Each cell processor 20 fetches the broadcast data into the input buffer 202. The cell CPU 201 checks the cell address of the broadcast data held in the input buffer 202 by the data selection program stored in the instruction memory 206, and determines whether there is a state variable value required for the data processing performed by the cell processor 20. Confirm (step S103). When there is no state variable value required for the data processing performed by itself, the cell processor 20 ends the processing operation (Step S103: No). If there is a state variable value required for the data processing performed by itself (step S103: yes), the corresponding state variable value is overwritten on the address on the data memory 207 corresponding to the cell address forming the pair data with this state variable value. (Step S104).
Thus, the broadcast of data from the BCMC 10 to each cell processor 20 ends.
[0039]
When the broadcast ends, each cell processor 20 performs data processing on the state variable value recorded in the data memory 207 according to the data processing program stored in the instruction memory 206 to generate a new state variable value. The new state variable value is written into the data memory 207 and also into the output buffer 203 (step S105). The new state variable value is overwritten on the address corresponding to its own cell address on the data memory 207.
When the data processing ends, the cell CPU 201 transmits end data including the ID and the priority data to the input register of the first stage WTA / summation circuit 30 via the WTA buffer 204, and reports the end of the data processing. (Step S106). The priority data is generated by a predetermined priority determination program before or after data processing.
[0040]
The first stage WTA / sum circuit 30 holds the ID of the end data sent from each cell processor 20 in the integer register of the input register and the priority data in the floating point register. Here, the WTA / sum circuit 30 operates in the approximate sort mode. For that purpose, the switch 303 activates the comparator 304.

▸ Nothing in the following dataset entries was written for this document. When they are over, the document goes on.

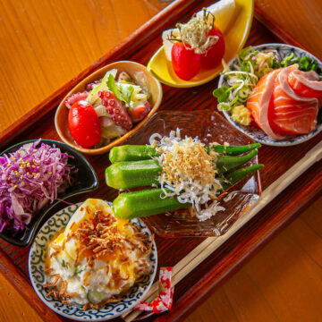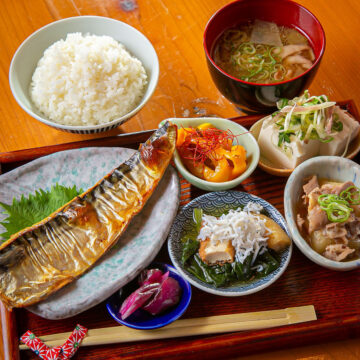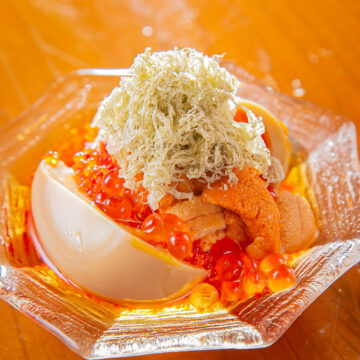 難波店で一番人気メニューの、【名物】肉だし巻き定食はもちろん心斎橋店でも食べられます。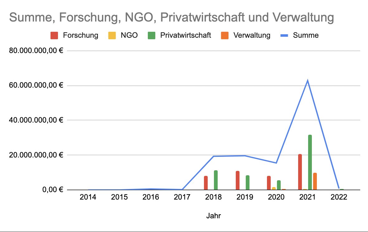 LilithWittmann Ich habe mal ein bisschen die Förderdatenbank des Bundes angeschaut und bin bisher auf knapp 120 Millionen Euro, die dort mit #Blockchain, #Ledger und #SSI Projekten verbrannt wurden, gekommen. pic.twitter.com/ybn8HPpEII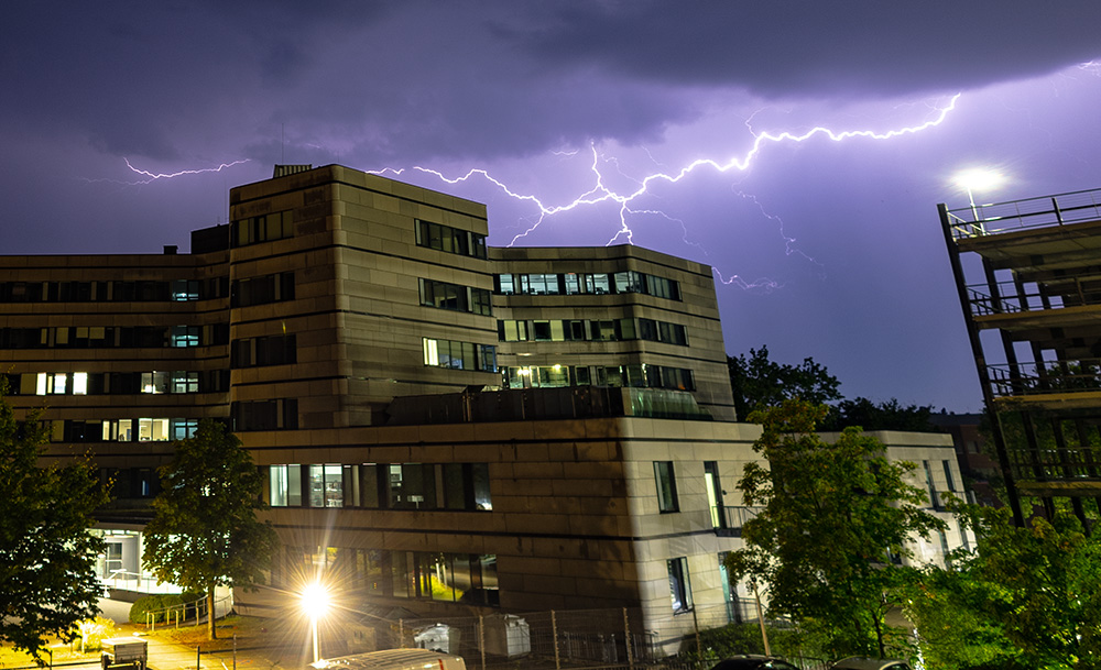 späten Abend dann tatsächlich ein Gewitter (Bild 2) mit Platzregen und Sturmböen. Wenigstens hier mal Action. |

The integer registers of the first input register 301 and the second input register of the WTA / sum circuit 30 hold IDs sent from different cell processors 20, respectively. Each floating-point register holds priority data associated with the ID. The comparator 304 reads priority data from the floating-point registers of the first input register 301 and the second input register 302, and compares the priorities. As a result of the comparison, the higher priority data and the associated ID are written to the floating-point register and the integer register of the output register 306. The contents of the input register whose contents have been written to the output register 306 are cleared. The ID and priority data written to the output register 306 are written to the input register of the WTA / sum circuit 30 in the upper stage.
Such processing is performed by the WTA / sum circuit 30 at each stage. The uppermost WTA / sum circuit 30 sends the ID written in the integer register of the output register 306 to the BCMC 10.
With the above processing, the WTA / sum circuit 30 sends the IDs to the BCMC 10 in the order of the highest priority (step S107).
[0041]
The BCMC 10 acquires the data-processed state variable value from the output buffer 203 of the cell processor 20 corresponding to the ID sent from the WTA / sum circuit 30. The acquired state variable value is overwritten on the main memory 102 in the BCMC 10 at the address corresponding to the cell address indicating the cell processor 20 that has performed the processing (step S108).
Thus, one cycle of the processing operation of the state variable value is completed.
[0042]
The BCMC 10 obtains a data processing result from each cell processor 20, and thereby generates broadcast data.
Each cell processor 20 performs data processing by selecting only data necessary for itself from the broadcast data. By performing data processing using the broadcast data, processing using data processed by all other cell processors 20 becomes possible. Also, by creating the broadcast data by pair data consisting of the data processing result from each cell processor 20 and the cell address indicating the cell processor 20 that generated this data processing result, the data processing result of the specific cell processor 20 can be obtained. It is possible to perform a process using only the information. Further, since the adjacent cell processors 20 are connected via the shared memory, processing between the adjacent cell processors 20 is possible as in the related art.
Each cell processor 20 does not go directly into the main memory 102 to fetch the data required by its own cell processor 20, but selects the required data from the broadcast data and stores the data in each cell processor 20. Since processing is performed while holding the data, high-speed processing can be performed without data conflict.
[0043]
[Example 1]
Next, an embodiment of the multiprocessor system 1 will be specifically described.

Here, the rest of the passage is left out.